Williams never quite changes his mind about Parsons, describing him over the years as "idiot Parsons" and a "stupid great nit", though strictly, this seems to have more to do with the context of the Just a Minute game than personal animosity. Williams also scrupulously recorded the time when Parsons "kindly" gave him a lift to Highgate. In the Fantabulosa make-up trailer, Parsons also does Williams a kindness, by reminding us of his erudition.

"People said he should have been an Oxford don. He was immensely serious about intellectual subjects: spirituality, musicology, Rilke and Thomas Mann and Lytton Strachey." (This sort of talk would have gratified Williams, who wanted very much to be thought of in this way. A diary entry in 1949 reads: "A Miss Knight called on me after the show and said she thoroughly enjoyed it. Said many patrons referred to me as 'Danny Kaye-ish!' This after Jean-Louis Barrault! The end!!!") Parsons also recalls how cerebral topics would exercise Williams on Just a Minute. "We also used to direct the topics towards areas he was especially interested in, to really get him going."

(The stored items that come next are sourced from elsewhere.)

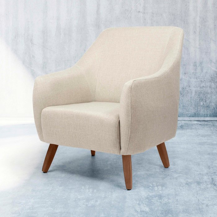 Poltrona Tecido Linho Pés Madeira Paloma Bege Rústimo
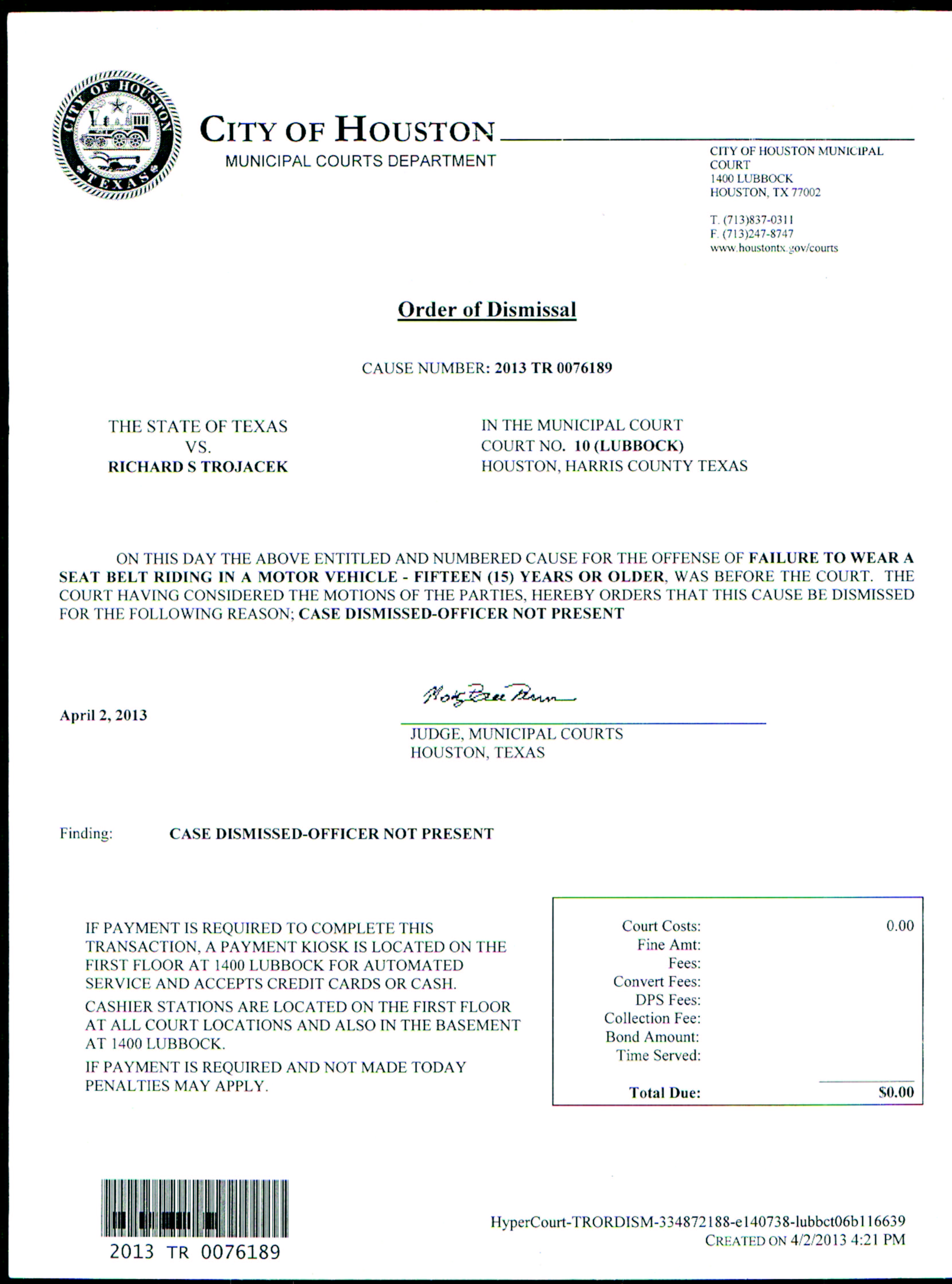 PLEASE TAKE NOTICE, that on the within affidavit of RICHARD TROJACEK, affirmed and witnessed to on the ___ day of ___, 2013, and upon all the proceedings heretofore had herein, the undersigned Motion and Supporting Affidavit to Dismiss will move this court at the courthouse located at the Municipal Courthouse #16, Houston, Texas $$$$, on the 19th day of March, 2013, at 7:00 o’clock in the evening of that day or as soon thereafter as can be heard for an Order of Dismissal of the within Summons of No Seat Belts.
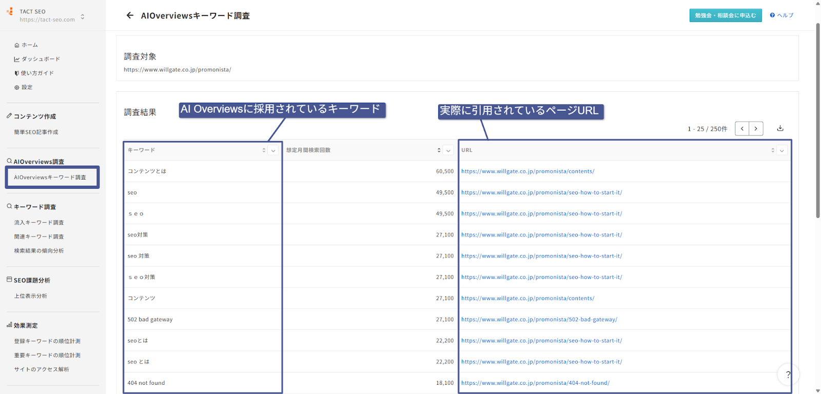 株式会社ウィルゲート(本社:東京都港区、代表取締役:小島 梨揮、以下「ウィルゲート」)が提供するAI×SEOツール「TACT SEO」は、AI Overviews(AIによる概要、略称:AIO)に採用されているキーワードを調査できる機能を新たに追加し、提供を開始したことをお知らせいたします。
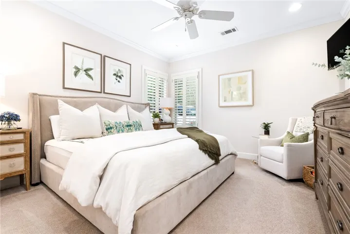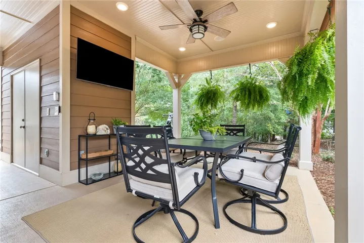 This home is an entertainer’s dream, with a whole-house and patio audio system that has separate controls for different zones. You can enjoy the peaceful, private backyard from the expanded, covered patio, which includes a ceiling fan, a mounted TV, and a gas line for a grill hook-up. The property also features a double carport with two storage units. This is an absolute must-see for anyone looking for elevated living in a friendly and welcoming neighborhood.
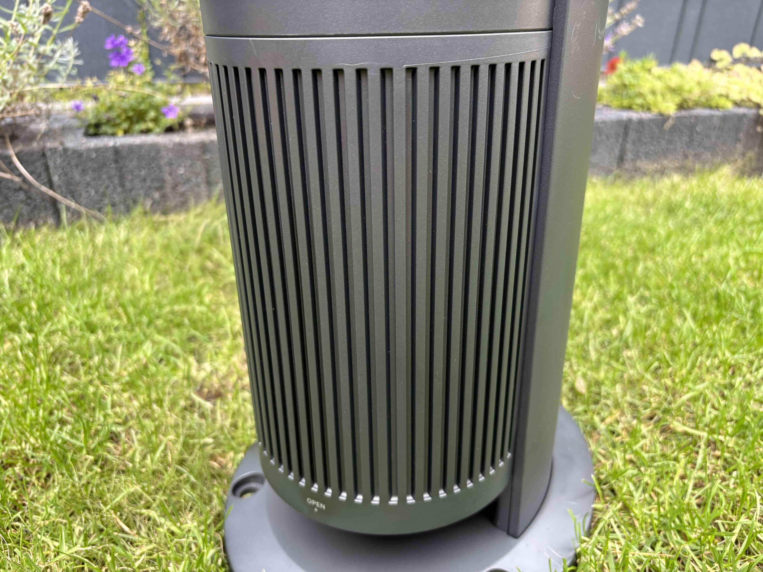 At first glance, the Aiper IrriSense looks more like a pedestal fan. My neighbor looked correspondingly surprised when he saw the IrriSense for the first time. Aiper has opted for a monolithic, column-shaped design here. The housing is finished in an elegant and modern anthracite. However, for regions like mine, where the water is very calcareous, the dark housing could be a disadvantage. After all, limescale stains could quickly build up here.
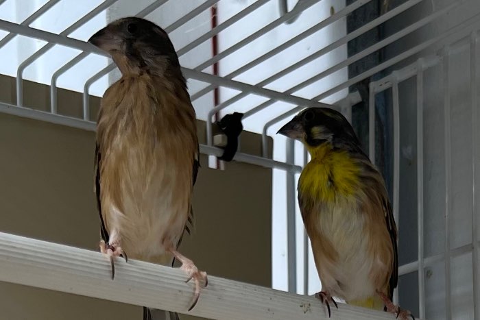Twee koppels Citroenborst Edelzangers te koop. 2024/2025. Vogels zitten in de garage op 10 graden.
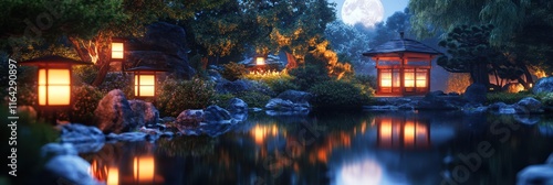 Serene Moonlit Japanese Garden Night Scene
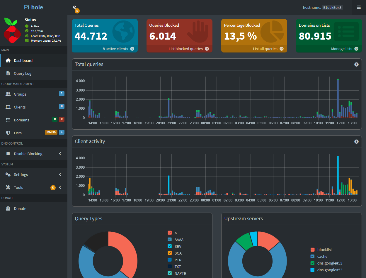 Standardmäßig loggt das Pi-hole nur, welche Domains aufgerufen werden (um Statistiken zu zeigen), aber nichts davon verlässt dein Heimnetzwerk. Die Daten gehören dir, liegen auf deiner BlockBox und werden nicht in eine Cloud hochgeladen. Wenn du willst, kannst du das Logging sogar komplett deaktivieren.
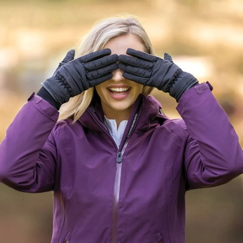 Elegant quilted satin back winter riding gloves with Thinsulate insulation and grippy digital Serino palms and finger reinforcements. Knitted cuff tucks underneath your riding jacket sleeve to keep out the cold.
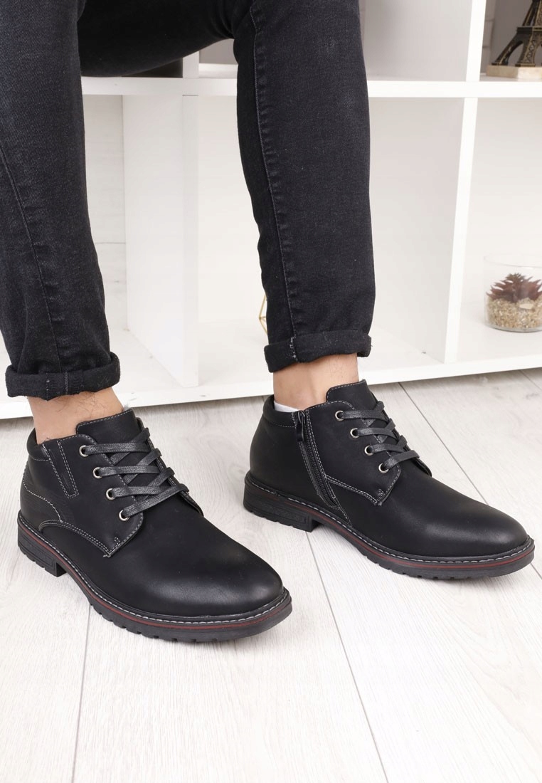 Чоловічі ботильйони на плоскій підошві. Верхня частина трохи вище щиколотки. Застібається збоку на блискавку і додатково зав'язується на шнурки спереду. Сильно ізольований. Виготовлений з екологічної шкіри. Ідеальне взуття для холодних зимових днів.
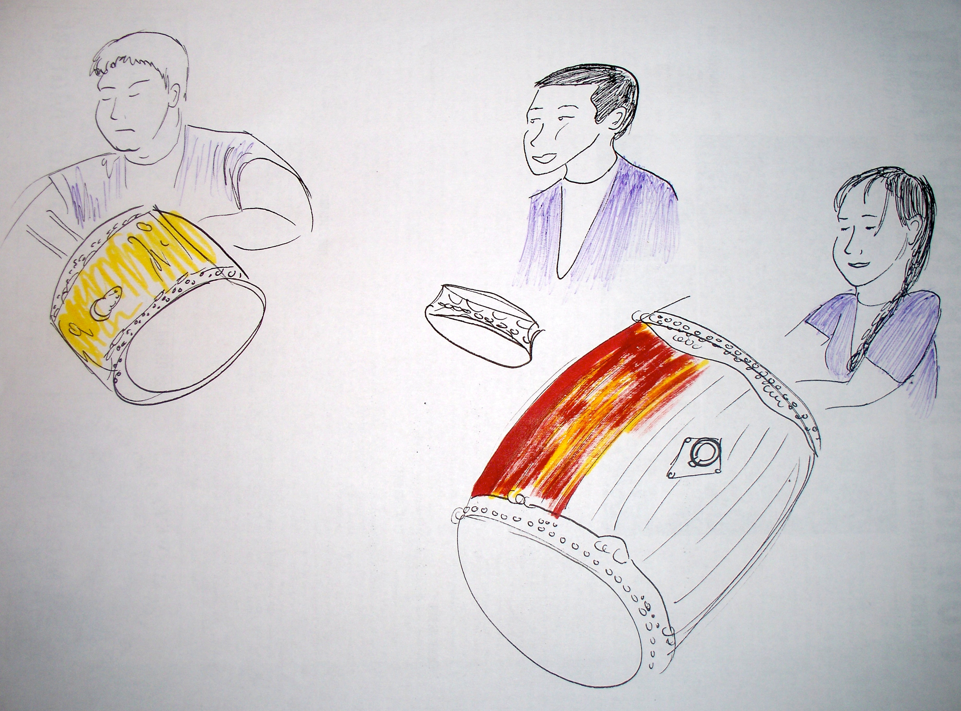 Here are a few more miscellaneous drawings, I didn’t finish coloring all of them. The Taiko drums are always exciting!
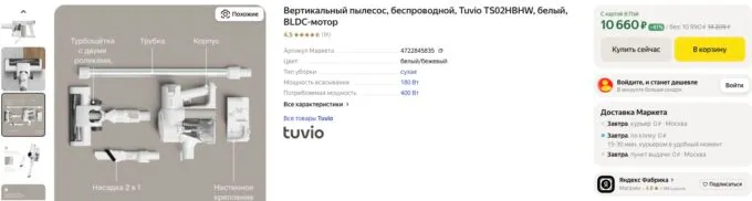 Прямо сейчас отличный пылесос Tuvio TS02HBHW можно купить на Яндекс Маркете со скидкой всего за 10 660 рублей. Также не забывайте, что многие банки готовы отсыпать щедрый кэшбек за покупки на этой платформе.

And, presumably, to rile Williams all the more when he was interrupted. Soon Parsons transfers from the make-up trailer to the set, where the Just a Minute recording studio has been recreated, ready to film the scene in which Williams becomes hysterical when he is buzzed for deviation. The actors playing Wendy Richards and Derek Nimmo and are sitting in place, powdered and bewigged, and the actor playing Clement Freud is having his cheeks stuffed with cotton wool, to add to the verisimilitude of his bloodhound jowls. Parsons gives some last-minute advice - "contestants should have their fingers on the buzzers at all times" - and the game begins. Sheen is soon shrieking "Whooo buzzed me? Ooooh was it you, Clement? You horrible great nit. I haven't come all the way from Great Portland Street to be treated like this!"

Cooling off in his dressing room shortly afterwards, Sheen tells me he feels Williams' Just a Minute outbursts were mainly for the audience's benefit. "He was licensed to do that - people wanted him to do that, people liked it." But Sheen can spot when Williams does genuinely lose control. "Watching An Audience with Kenneth Williams, there is a moment when he gets to the punch line, and - he messes it up. He gets it wrong. And he does this little jerk with his neck - a small involuntary spasm. For someone so controlled in all their mannerisms this is significant. I've used it occasionally in scenes when he is caught off guard by something." And indeed, in the scene when Tony Hancock reproaches Williams for being a caricature, he can be seen bridling inwardly, with a telling jerk of the chin. It's Sheen's very economical way of conveying the vulnerability that lay beneath the camp carapace.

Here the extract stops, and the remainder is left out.